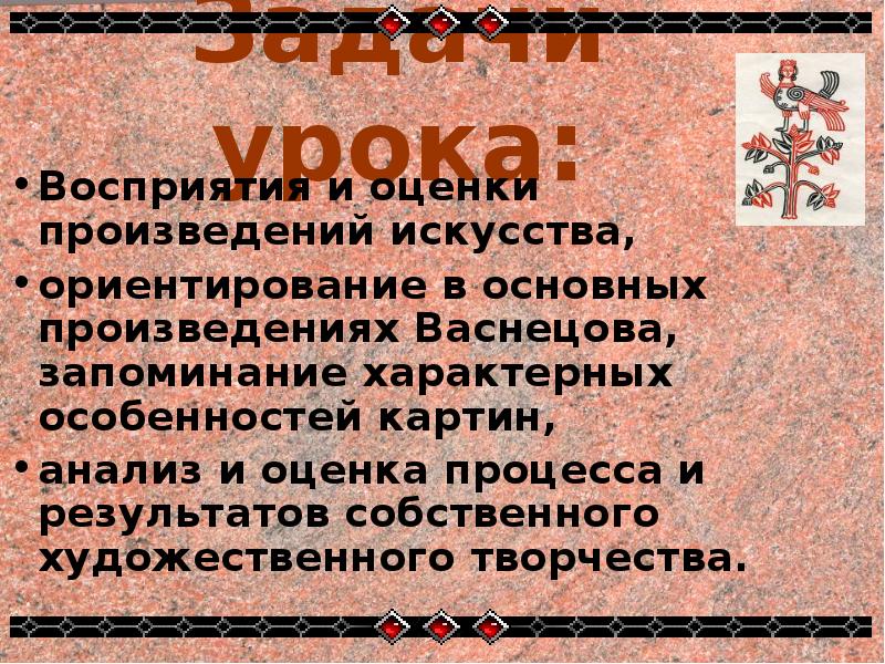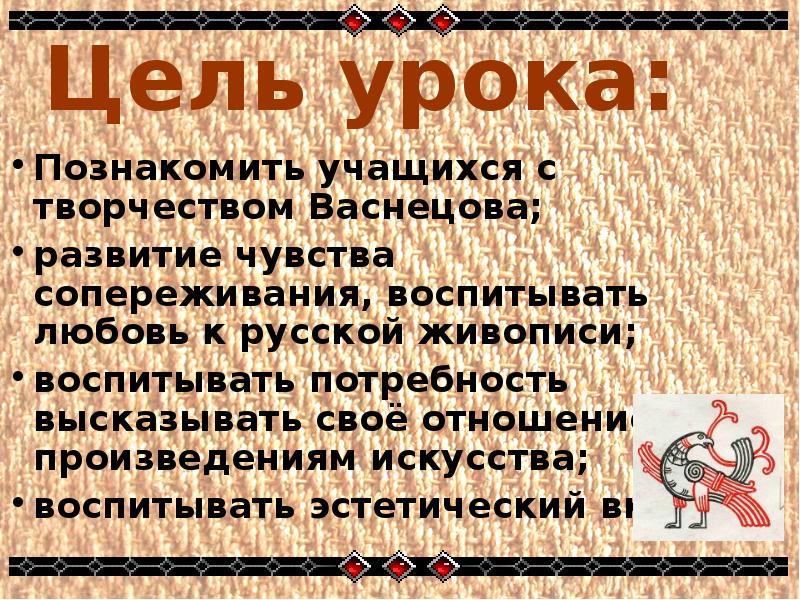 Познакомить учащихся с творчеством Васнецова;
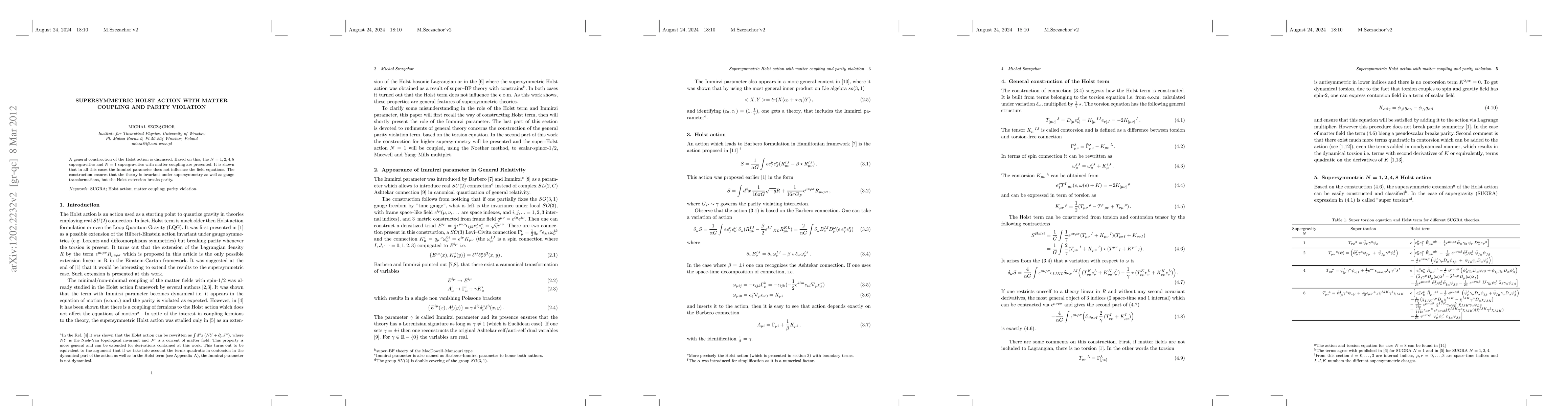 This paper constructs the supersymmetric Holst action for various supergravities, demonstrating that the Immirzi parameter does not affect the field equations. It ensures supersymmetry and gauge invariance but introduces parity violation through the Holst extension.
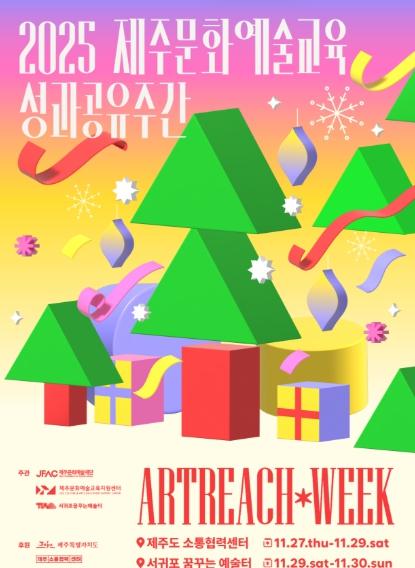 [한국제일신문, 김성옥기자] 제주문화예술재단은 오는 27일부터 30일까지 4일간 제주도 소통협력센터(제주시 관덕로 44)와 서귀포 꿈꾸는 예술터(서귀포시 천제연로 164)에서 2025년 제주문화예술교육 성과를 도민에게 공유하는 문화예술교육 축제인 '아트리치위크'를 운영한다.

Exercise
When you restate the listing, keep every word as it is and drop the pictures.

Solution
 Познакомить учащихся с творчеством Васнецова;
 This paper constructs the supersymmetric Holst action for various supergravities, demonstrating that the Immirzi parameter does not affect the field equations. It ensures supersymmetry and gauge invariance but introduces parity violation through the Holst extension.
 [한국제일신문, 김성옥기자] 제주문화예술재단은 오는 27일부터 30일까지 4일간 제주도 소통협력센터(제주시 관덕로 44)와 서귀포 꿈꾸는 예술터(서귀포시 천제연로 164)에서 2025년 제주문화예술교육 성과를 도민에게 공유하는 문화예술교육 축제인 '아트리치위크'를 운영한다.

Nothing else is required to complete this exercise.